Exercise:
Repeat nothing but the line that contains "A large orange" and the lines after it, through the end of the listing, exactly as they stand; omit pictures.

Material for this task:
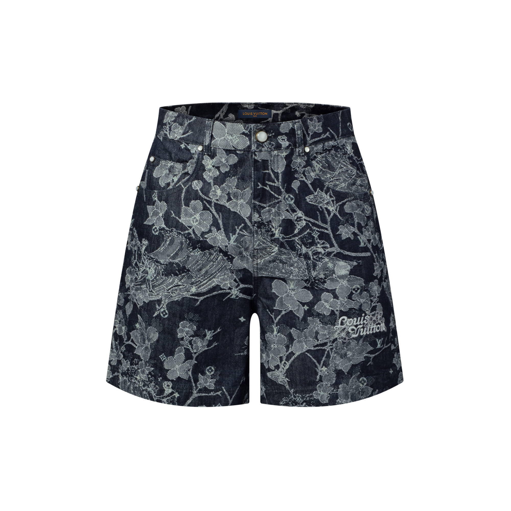 These denim shorts are elevated with a sophisticated woven jacquard motif featuring tropical blooms and surf imagery overprinted with Monogram signatures. An embroidered Louis Vuitton adorns the left leg, while a pearly button and rivets lend further sophistication to this casual piece. A matching shirt makes a standout look. - Relaxed Fit - Indigo - 100% Cotton - Jacquard motif with overprinted signatures - Embroidered signature on left leg - Signature nubuck jacqueron - Classic denim 5-pocket construction - Pearl-effect button and rivets in golden settings - Made in Italy
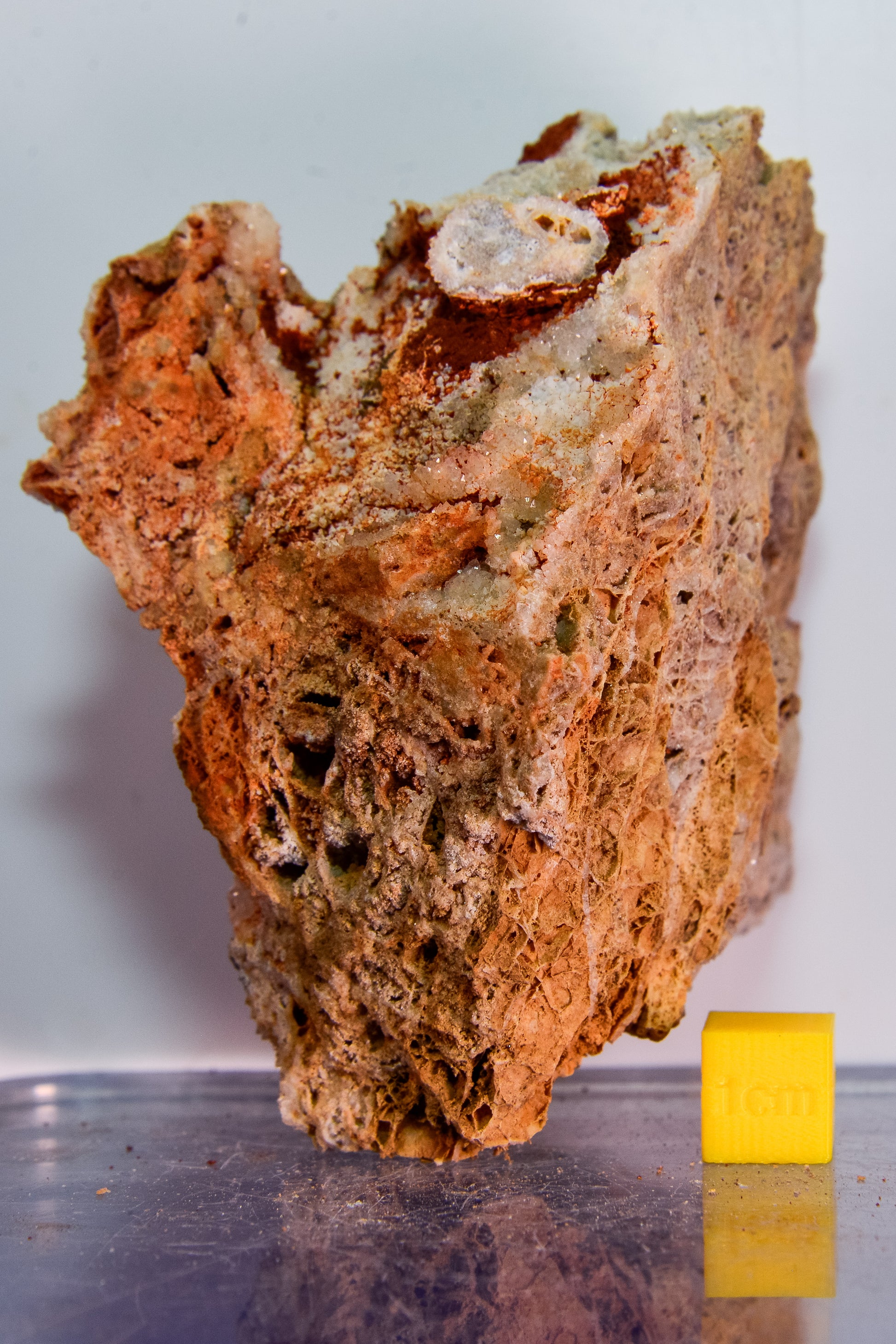 The vibrant orange, ochre, and rust-red colors seen in your specimens are the result of iron oxide staining, primarily from minerals like limonite (FeO(OH)⋅nH2O) and hematite (Fe2O3). During the final stages of the stone's life in the mountain, iron-rich waters seeped into the hollow boxwork, leaving behind these mineral pigments. In the specific context of the Xianyan Cave locality, this boxwork quartz is highly significant because it demonstrates the intense hydrothermal "boiling" that occurred near the volcanic vents, providing a structural map of the ancient fractures that once carried mineral wealth through the earth.
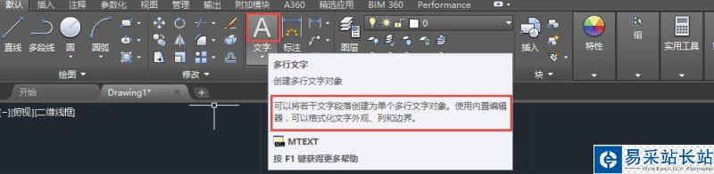 1、多行文字的命令是MTEXT,我們在菜單和工具欄中也能找到多行文字的命令或按鈕,但通常我們都直接輸入多行文字的快捷鍵T來書寫文字。
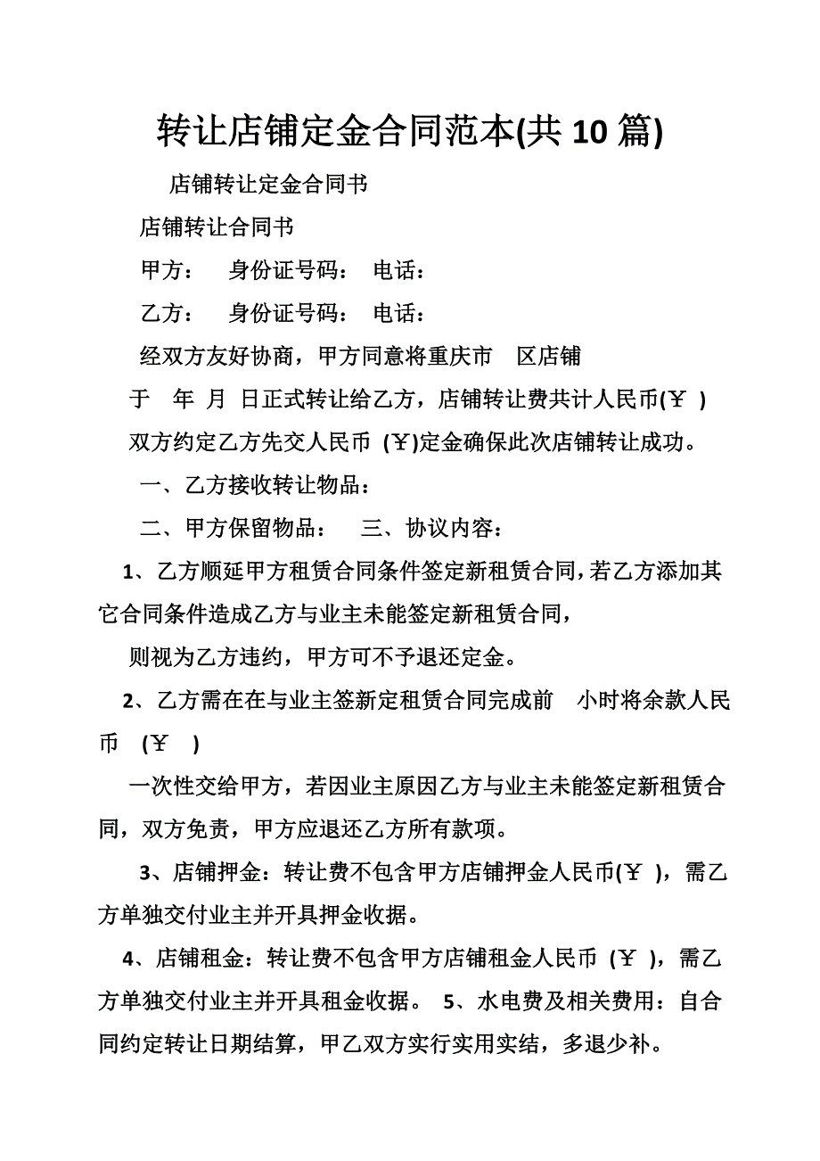 转让店铺定金合同范本(共10篇) 店铺转让定金合同书 店铺转让合同书 甲方: 身份证号码: : 乙方: 身份证号码: : 经双方友好协商,甲方同意将重庆市 区店铺 于 年 月 日正式转让给乙方,店铺转让费共计人民币(¥ ) 双方约定乙方先交人民币 (¥)定金确保此次店铺转让成功 一﹑乙方接收转让物品: 二﹑甲方保留物品: 三﹑协议内容: 1﹑乙方顺延甲方租赁合同条件签定新租赁合同,若乙方添加其它合同条件造成乙方与业主未能签定新租赁合同, 则视为乙方违约,甲方可不予退还定金 2﹑乙方需在在与业主签新定租赁合同完成前 小时将余款人民币 (¥ ) 一次性交给甲方,若因业主原因乙方与业主未能签定新租赁合同,双方免责,甲方应退还乙方所有款项 3、店铺押金:转让费不包含甲方店铺押金人民币(¥ ),需乙方单独交付业主并开具押金收据 4﹑店铺租金:转让费不包含甲方店铺租金人民币 (¥ ),需乙方单独交付业主并开具租金收据 5﹑水电费及相关费用:自合同约定转让日期结算,甲乙双方实行实用实结,多退少补 6﹑甲方可根据乙方需要协助乙方办理与业主签定新租赁合同 7﹑合同签定日起双方不得反悔,否则视为违约,双倍定金赔偿。
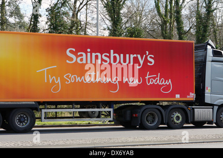 A large orange and red semi-truck with the words 'Sainsbury's Try Something New Today' written on the side is driving on a road. The truck is parked on the side of the road, and there is a clear sky above. The truck has a black cab and a large trailer attached to it. | A truck traveling along the A23 road in Coulsdon, Surrey, England. - Stock Photo | 74131e1ea4e9206c1e4719268f70b100c290dc8a539112893ed996a7212d706b | 000910688035 | 0 | 0 | 53 | 14 | 0 | 0 | |
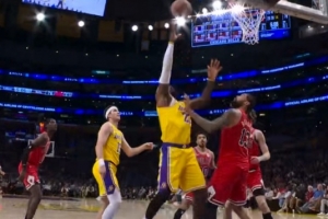 GIF-詹姆斯搶下進攻籃板 成功打成2+1
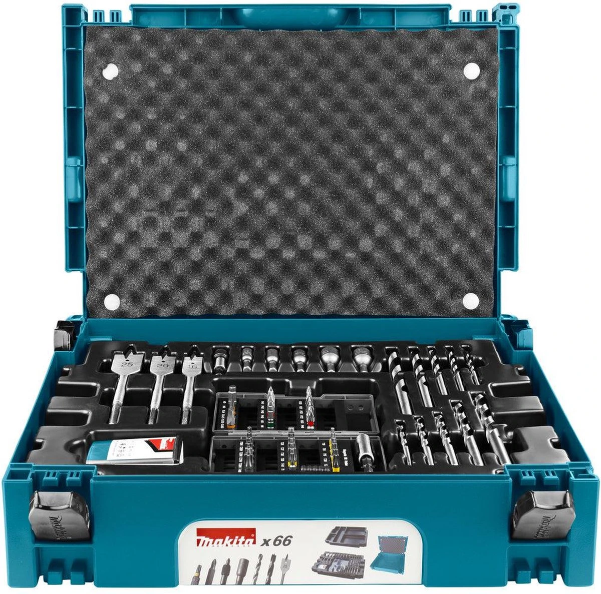 66-delige set bestaande uit de meest gebruikte maten boren en bits voor de binnen en buitenafwerking.
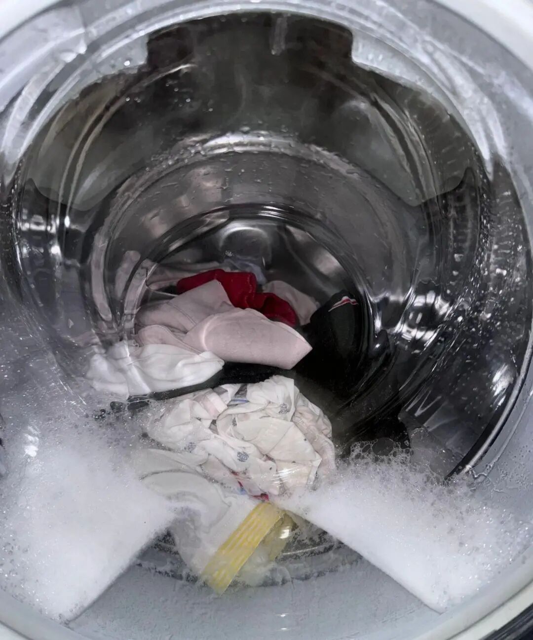 2)洗衣液也别放太多,而且最好用低泡型的,不然快洗漂洗次数少,很容易有残留,洗完的衣服有怪味,还黏糊糊的。
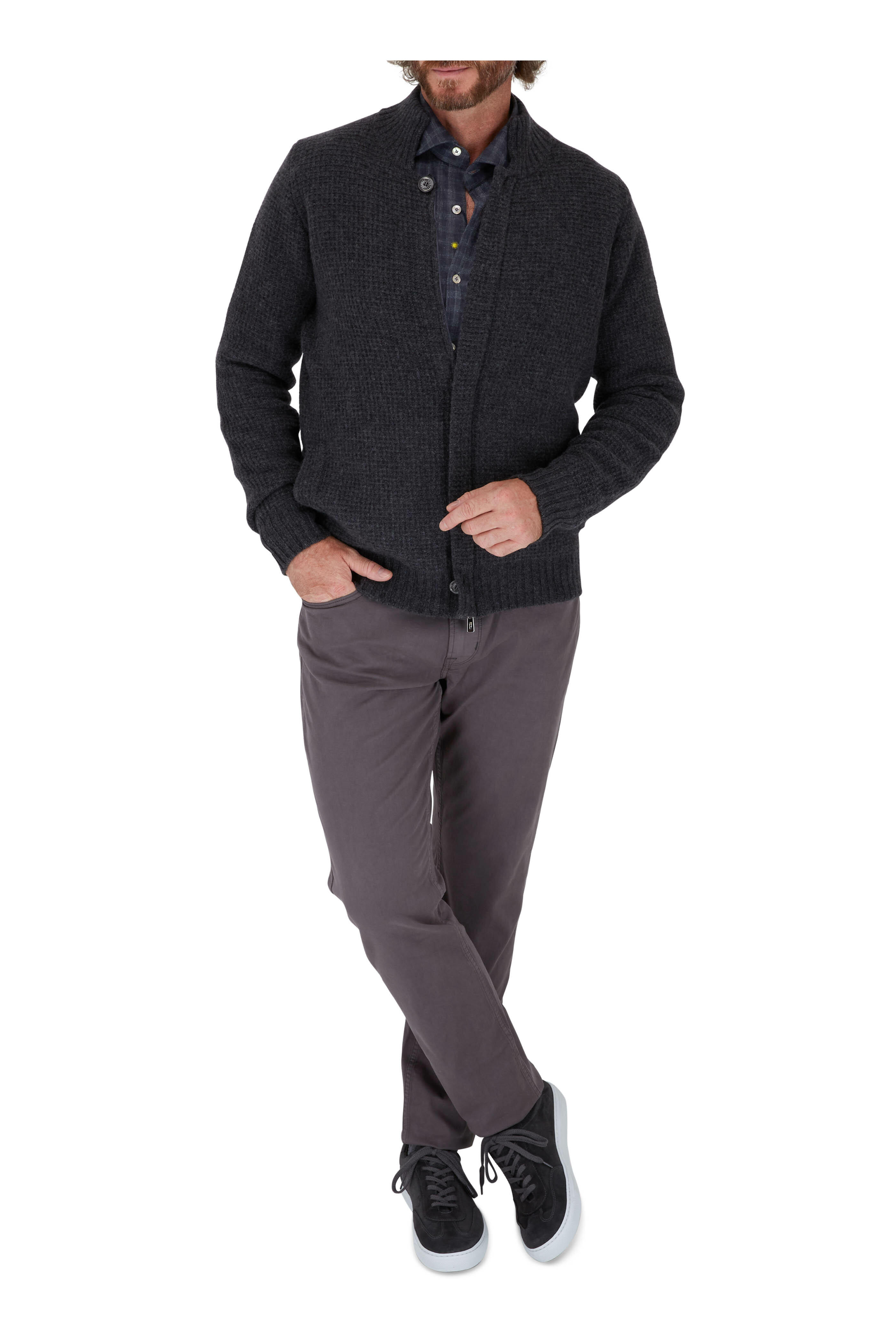 Dark Grey Cotton Check Sport Shirt

Solved exercise:
 A large orange and red semi-truck with the words 'Sainsbury's Try Something New Today' written on the side is driving on a road. The truck is parked on the side of the road, and there is a clear sky above. The truck has a black cab and a large trailer attached to it. | A truck traveling along the A23 road in Coulsdon, Surrey, England. - Stock Photo | 74131e1ea4e9206c1e4719268f70b100c290dc8a539112893ed996a7212d706b | 000910688035 | 0 | 0 | 53 | 14 | 0 | 0 | |
 GIF-詹姆斯搶下進攻籃板 成功打成2+1
 66-delige set bestaande uit de meest gebruikte maten boren en bits voor de binnen en buitenafwerking.
 2)洗衣液也别放太多,而且最好用低泡型的,不然快洗漂洗次数少,很容易有残留,洗完的衣服有怪味,还黏糊糊的。
 Dark Grey Cotton Check Sport Shirt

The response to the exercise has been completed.